The Chinese government is the single largest buyer of smart building-related technology in the world for a range of building and city-scale projects, and represents over 50% of all business in China. The demand for video surveillance equipment in its ‘Sharp Eyes’ initiative, for example, far surpasses anything else in the physical security market and makes a significant impact on the cost of surveillance technology around the world alone. In China, the government is also a major player in “private” technology sectors, holding a 42% stake in Hikvision, for example, while providing the firm with favorable lending terms and debt facilities.
“Dahua and Hikvision alone generated domestic China revenues over $7 billion in 2020, the majority of which was through the sale of video surveillance equipment,” reads our brand new Physical Security report. “The average selling price of cameras is also significantly lower in China than in other markets due to intense price competition, meaning that on a unit basis, China is deploying more cameras annually than the US and more than the rest of the world combined. So much so that China is rapidly catching up to the US and Europe in terms of penetration stated in terms of the number of cameras per capita.”
What’s true for video surveillance will be true for occupancy analytics, energy efficiency, AI, or other proptech —China will continue to be a good market for building technology with or without a booming private real estate sector. In fact, more buildings being owned by the government is more likely to increase than reduce smart tech adoption. Even if these spaces are dominated by surveillance tech it will also have positive cost implications for most human-centric and environment-focused smart building technologies.
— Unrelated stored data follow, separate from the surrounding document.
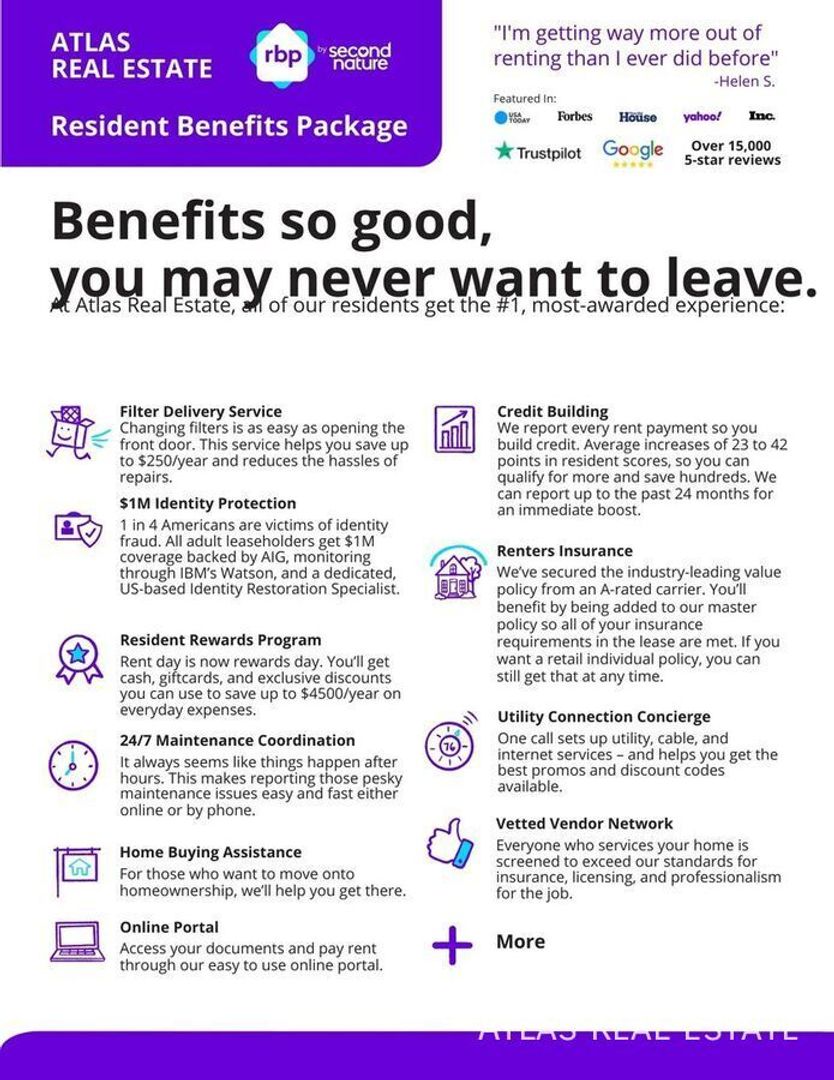This sweet deal makes life a breeze! It includes utility concierge, identity protection, 24/7 maintenance coordination, resident rewards program, credit building, and even renter’s insurance!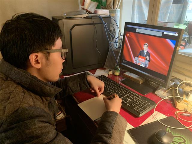 19级新生辅导员姚巍老师身处疫情中心湖北,他也准时用电脑观看此次课程,姚老师说:“这堂大课对于我而言体会和感触更为深刻,对‘今日之中国’、‘中国之制度’有了更深刻的理性思考和情感认同。作为一名与学生朝夕相处的辅导员,我更要切实面向学生开展好思政教育,增强四个意识,坚定四个自信,做到两个维护,用习近平新时代中国特色社会主义思想铸魂育人。”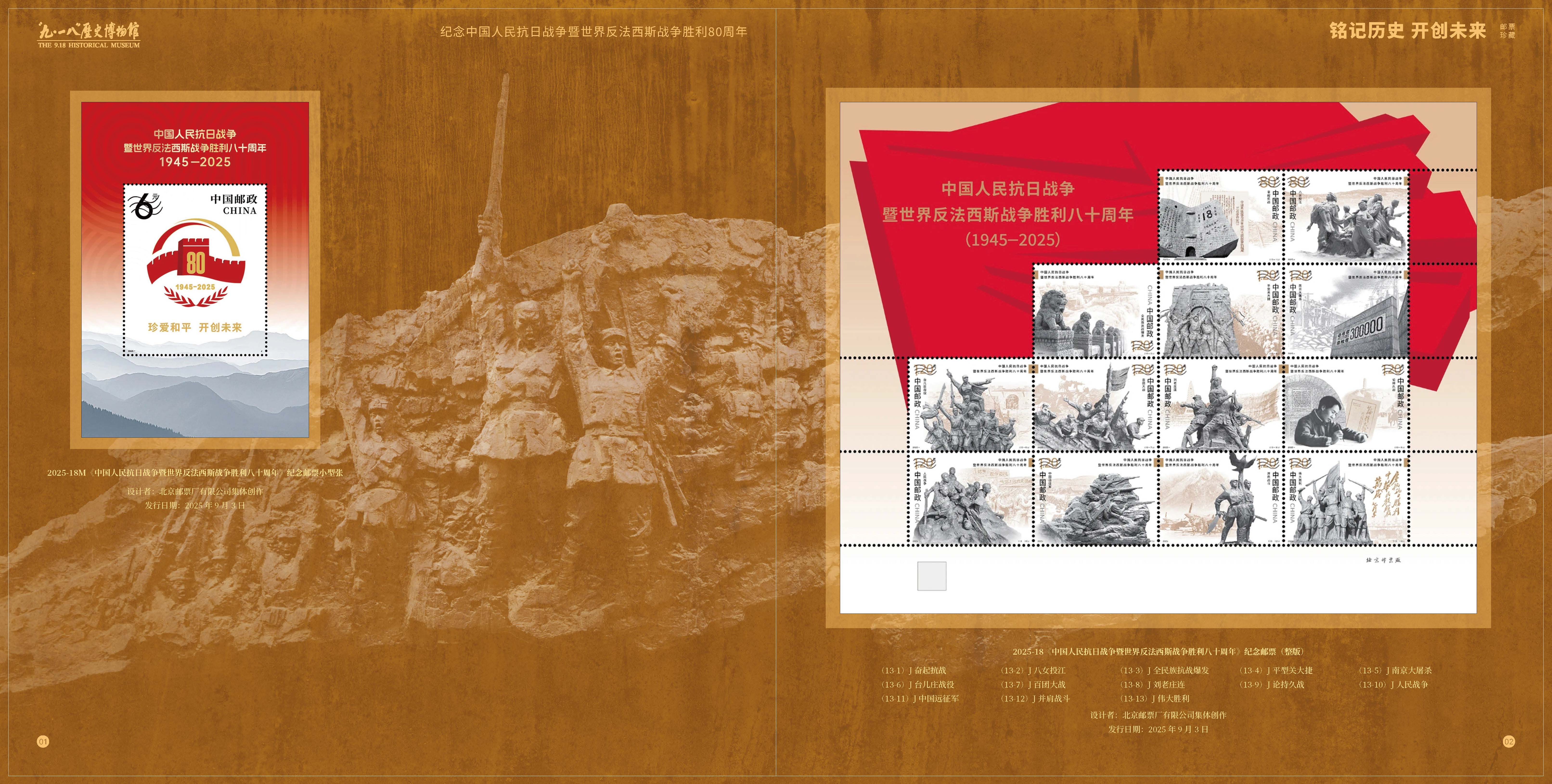 中国集邮有限公司于2025年9月18日发行《铭记历史 开创未来》邮票珍藏。

Furthermore, the China private real estate majors are still big players in a huge market, just with the reins on for the coming years.
China is the world’s biggest supplier of smart building technology and still has the biggest potential market for smart building products. What happens in China’s domestic market has a significant impact on global economics and this real estate crisis, even if managed well, will likely have a noticeable impact on overall growth. However, the undeniable resilience of Chinese economic development and the nation’s continued attraction to smart technology segments should secure a strong future of proptech in China and around the world.